La version orale fait foi

 

Chers Collègues du Conseil national et du Conseil des Etats,
Chère Artiste,
Mesdames et Messieurs les Invités,

 

On dit que l’art du consensus est une vertu suisse ; qu’elle est partie intégrante de notre manière de fonctionner. Mais en politique, c’est en général la majorité qui l’emporte. J’ai donc rarement l’occasion de vivre la mise en pratique de cette vertu si typiquement suisse.

Voici sous nos yeux l’exception qui confirme la règle, puisque cette œuvre a été adopté à l’unanimité par le jury. Composé de neuf personnes, et présidé par la conseillère nationale et présidente du Conseil national de l’époque Christa Markwalder, les membres de ce jury avaient pourtant à choisir entre 13 projets, d’artistes sélectionnés au préalable. Mais à y bien réfléchir :  pouvait-on attendre autre chose que l’unanimité pour un projet baptisé « Consensus » ?

En réalité, l’œuvre que nous admirons ici ne parle pas que de consensus. Les jurés ont choisi de donner la place à une œuvre qui raconte une Suisse jusqu’alors bien peu – voire pas du tout – thématisée dans ce palais. 

 

Je m’explique : Hans Wilhelm Auer, l’architecte du Palais du parlement, avait décidé qu’il serait la « maison des Suisses ». Chaque région du pays a participé à l’élaboration de cet ouvrage – et pas seulement avec ses impôts ! Ainsi, les pierres viennent de plus de 12 cantons, les parquets ont été commandés dans des entreprises de onze cantons. Auer est passé partout où l’artisan lui semblait mériter commande.  Au final, 95 % des matériaux et des artistes qui ont participé à l’élaboration de ce monument sont suisses – Auer a réussi son pari.

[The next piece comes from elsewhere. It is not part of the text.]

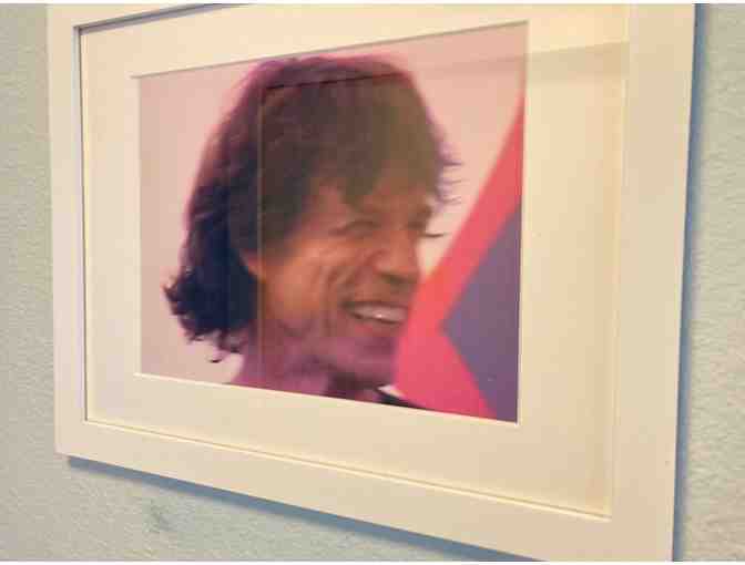 Head-sized, close-up, framed photograph of Mick Jagger. This original photo was taken by SFBC Alum Parent Victor Turks on the occasion of a press conference/performance staged by the Rolling Stones at the Julliard School of Music in Manhattan in May of 2005. 12.5x15.5 inches

Passons maintenant à l’œuvre d’Annaïk Lou Pitteloud : sous chaque fenêtre, vous pouvez voir un mot, décliné dans les quatre langues nationales et en anglais. Il s’agit de synonymes du mot « consensus ». L’artiste a mené une enquête, en invitant des personnes à désigner parmi une sélection de termes ceux qui leur semblaient les plus appropriés pour définir l’idée de consensus. Pour chaque mot, elle a choisi un métal, provenant des 5 continents. Ainsi, « connivence » est en platine des Etats-Unis, l’or de « compromis » vient d’Afrique du Sud, « convention » est en argent de Chine, « conciliation » en cuivre du Chili et « transaction » en nickel d’Australie.

 

Ainsi, pour la première œuvre d’art commanditée pour ce palais depuis 1902 (cela fait tout de même plus d’un siècle !), on ne retrouve aucun matériau suisse ! Serait-ce une erreur de casting ? Au contraire. Ce qui fait la Suisse et sa prospérité, c’est aussi son ouverture sur le monde. Cette ouverture et notre savoir-faire en matière de services ont fait de notre pays l’une des premières places financières au monde, et l’une des principales places de négoce des matières premières. Cette œuvre nous raconte aussi cette Suisse-là, une Suisse qui fait du commerce, une Suisse en contact constant avec le reste du monde – contacts qui sont un instrument de survie pour ce petit pays au centre de l’Europe. Cette Suisse des échanges était une référence qui manquait dans l’iconographie du Palais du Parlement. Voilà qui est réparé.

 

Soulignons encore l’importance de l’emplacement : nous nous trouvons dans le corridor donnant accès à la tribune des visiteurs du Conseil national. L’œuvre d’Annaïk Lou Pitteloud souligne ainsi le rôle du monde extérieur dans les décisions prises dans cet hémicycle. Ce message est si pertinent et important que j’ai décidé de baptiser ce vestibule « Galerie du Consensus ».


Je vous y souhaite la bienvenue et vous remercie de votre attention.